[Prompt]:
Could you repeat the entries below exactly, but only from the line with "District collector Himanshu" through the line with "Se venden dos", and without any picture?

[Records provided]:

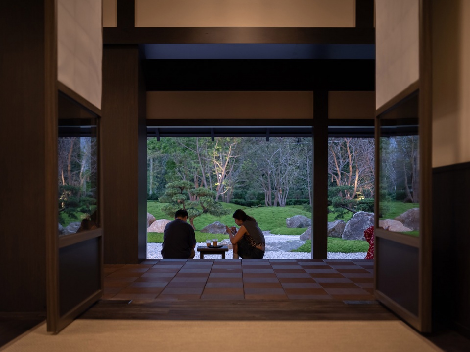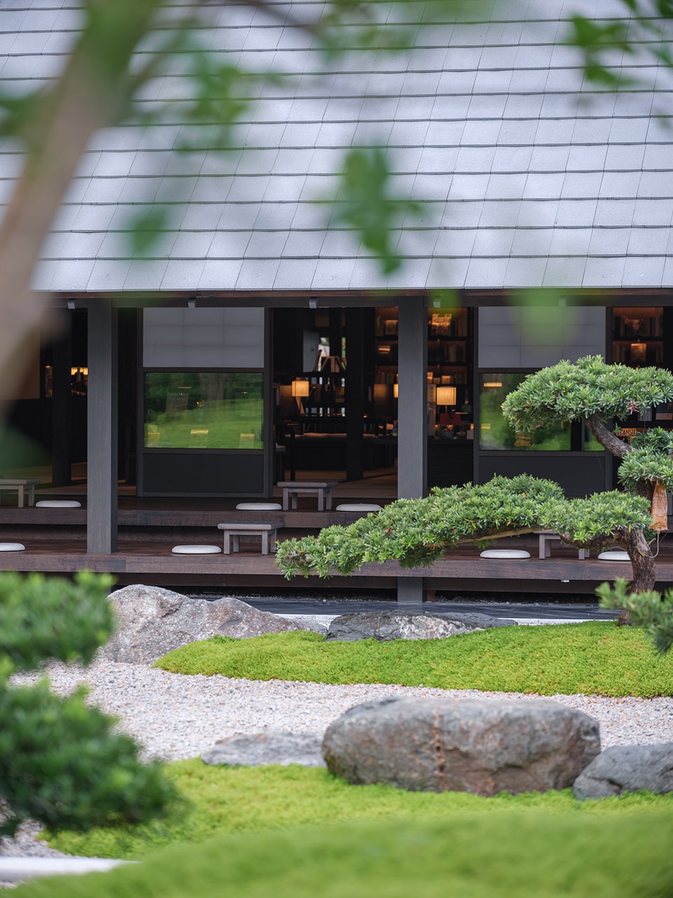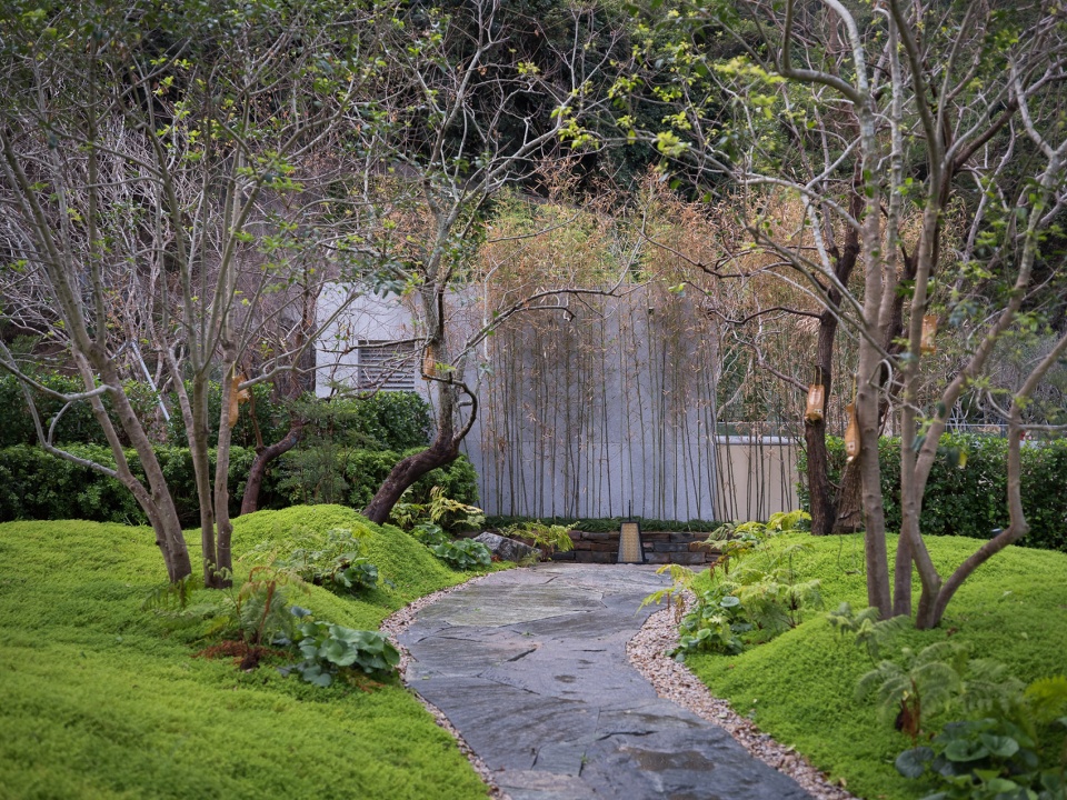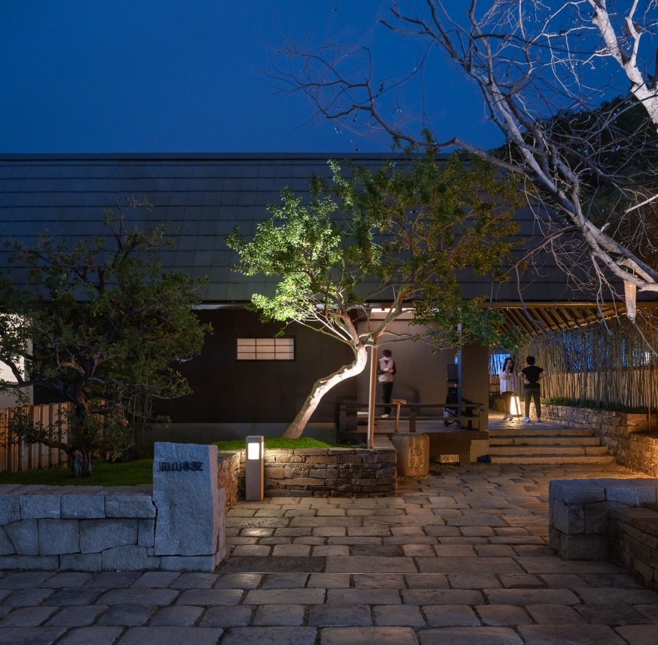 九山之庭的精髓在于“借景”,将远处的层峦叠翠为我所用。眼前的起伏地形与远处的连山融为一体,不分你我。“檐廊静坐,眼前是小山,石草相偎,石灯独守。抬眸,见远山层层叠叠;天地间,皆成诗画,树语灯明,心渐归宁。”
---
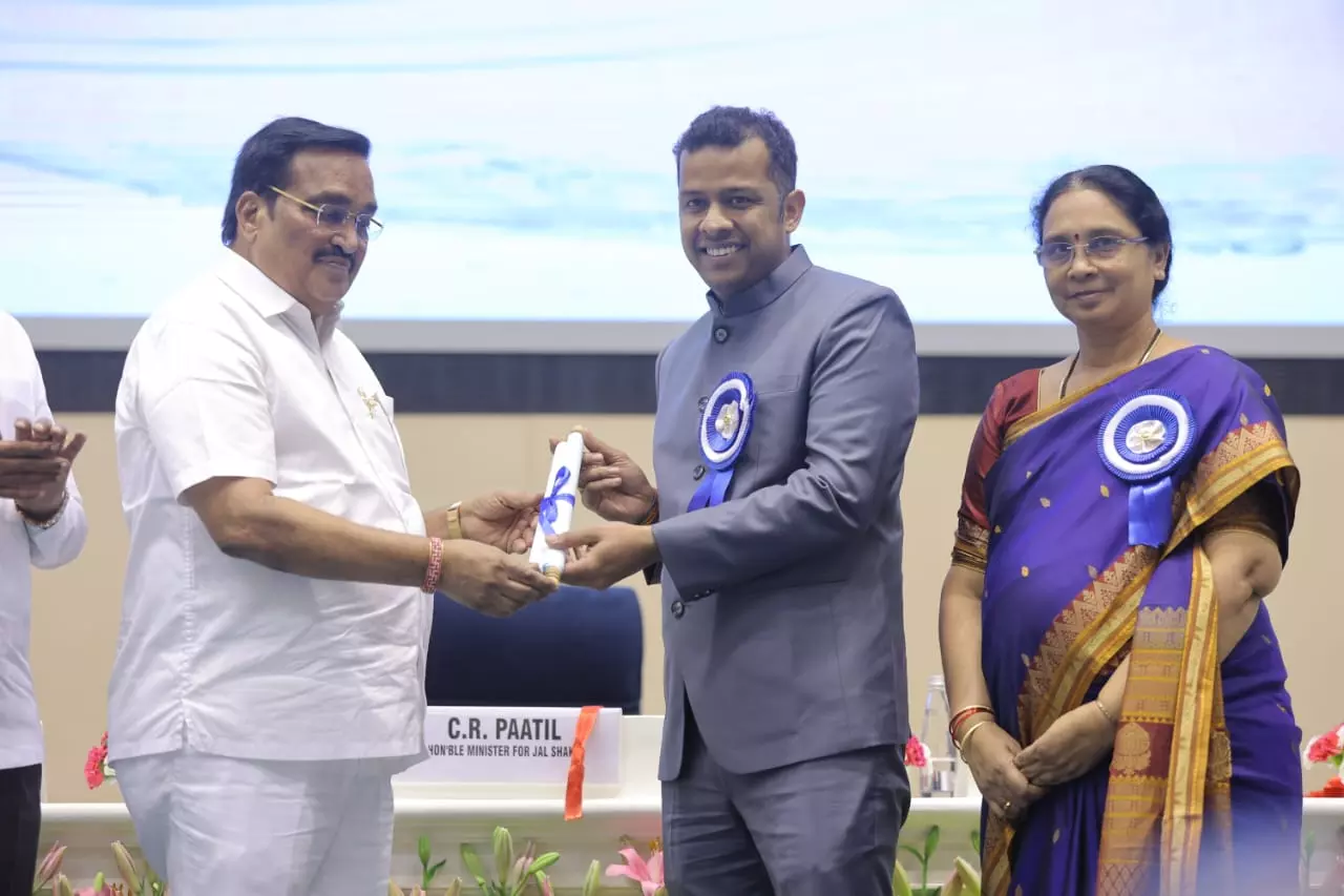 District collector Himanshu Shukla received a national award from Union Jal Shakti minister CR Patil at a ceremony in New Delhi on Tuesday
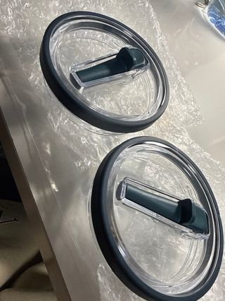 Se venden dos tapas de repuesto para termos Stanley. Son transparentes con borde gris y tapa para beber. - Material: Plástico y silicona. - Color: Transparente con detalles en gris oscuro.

[Exercise response]:
 District collector Himanshu Shukla received a national award from Union Jal Shakti minister CR Patil at a ceremony in New Delhi on Tuesday
 Se venden dos tapas de repuesto para termos Stanley. Son transparentes con borde gris y tapa para beber. - Material: Plástico y silicona. - Color: Transparente con detalles en gris oscuro.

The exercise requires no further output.